This study aimed to investigate the association of the SNPs −1654 C/T, −1641 A/G and −1461A/T at the promoter region of PROC gene with the risk of developing TE in pediatric population and their associations to the PC activity.

Methods

Study Design

This study is a case–control study that enrolled 206 patients, diagnosed with either arterial TE (ATE) or VTE at the Department of Pediatrics, Ramathibodi Hospital, Mahidol University, Bangkok, Thailand between November 1998 and October 2018. The diagnosis of TE was confirmed by imaging study. The investigation of thrombophilia in patients included PC, PS and antithrombin activity, homocysteine level, and antiphospholipid antibody. The 102 control participants were healthy adults to ensure that the controls will not later develop TE because subjects with heterozygous PC deficiency usually present with TE during childhood until adulthood.¹⁷ This study, for which we used leftover DNA samples from patients and control participants that were obtained for other, unrelated research purposes, was approved by the Ethics Committee Involving Human Subjects of Ramathibodi Hospital Faculty of Medicine (ID 03-61-66).

Patients

Inclusion criteria

Patients were children and adolescents aged ≤20 years at the time of diagnosis with either ATE or VTE. The diagnosis of TE was confirmed by imaging study. The control group was healthy adults aged 20 to 56 years without a history of TE.

Exclusion criteria

To study the association of the SNPs and the development of TE, patients who did not have DNA samples were excluded. To study the association of the SNPs and PC activities, patients with the following factors were excluded: not having PC activities, known mutations of the PROC gene, age <6 years,¹⁸ receiving warfarin therapy, nephrotic syndrome, liver diseases, and cyanotic heart disease.¹⁹

Laboratory Procedures

DNA extraction, PCR amplification, and purification

DNA samples were extracted from venous blood using a salting-out method. We used the numbering system of Foster et al, in which position 1 marks the beginning of translation.⁵ A 574-bp fragment of the PROC promoter region (−1920 to −1347) was amplified by polymerase chain reaction (PCR) using specific primers as described previously:¹⁶ 5′-ATTGGGATGGCATGTTCATTG-3′ and 5′-CCCTGGCTGGA GGATTCAG-3′. The PCR conditions were as follows: 95 ^oC for 5 minutes; 35 cycles at 95 ^oC for 45 seconds, 58 ^oC for 45 seconds and 72 ^oC for 60 seconds; and 72 ^oC for 7 minutes. After the PCR products were confirmed by electrophoresis through a 1.2% agarose gel and ethidium bromide staining, the products were purified using a Geneaid purification kit (Geneaid Biotech).

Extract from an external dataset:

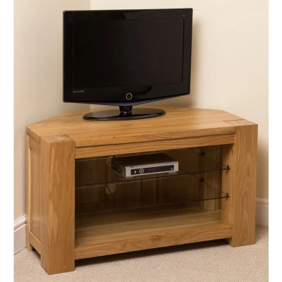 General description The Kuba solid oak corner TV unit is a stunning piece of furniture that serves as the ideal solution for housing large flat-screen TVs and video equipment. This range of oak living room furniture combines beauty with functionality, making it a practical and stylish addition to any living room. Technical specifications Material: Solid oak wood Dimensions: Length - 104 cm, Depth - 61 cm, Height - 60 cm Top thickness: 3.5 cm Leg dimensions: 12 cm x 12 cm Features: 2 adjustable/removable tempered glass shelves, cable holes for wire management Installation No assembly required; delivered fully assembled Usage Ideal for living room entertainment, accommodating large flat-screen TVs and home entertainment systems Other information Quality craftsmanship with attention to detail Delivered securely packed to ensure perfect condition upon arrival

DNA sequencing and mutation analysis

Sanger DNA sequencing on samples from all patients and controls was conducted by Humanizing Genomics Macrogen, from which mutation analysis of the −1738 A/G, −1654 C/T, −1641 A/G, and −1461A/T SNPs at the promoter region of PROC was performed.

Protein C activity

Protein C activity was measured using an automated functional clotting assay (Instrument Laboratory [ACL 8000]) of all of the control participant samples. For patients, PC activity was tested after the diagnosis of TE. In patients with low PC activity levels, the activity assays were repeated to confirm the results. Protein C investigation was included as a part of the thrombophilia investigation in our institute.

Statistical Analysis

Descriptive statistics for age, gender, and PC activity were calculated using STATA version 14.2 (StataCorp). Genotype data were checked for genotyping error based on significant deviation from Hardy-Weinberg equilibrium in the control group using PLINK version 1.07.²⁰ Calculations involving individual SNPs including their allele frequencies and testing for association between each SNP and the risks of developing TE were also conducted using genotypic logistic regression analysis with heterozygous/homozygous coding (--hethom option) as well as global association tests consisting of both genotypic (“2 degrees of freedom” ie, testing the effect of each genotype separately) Fisher exact test and Cochran-Armitage trend test in PLINK.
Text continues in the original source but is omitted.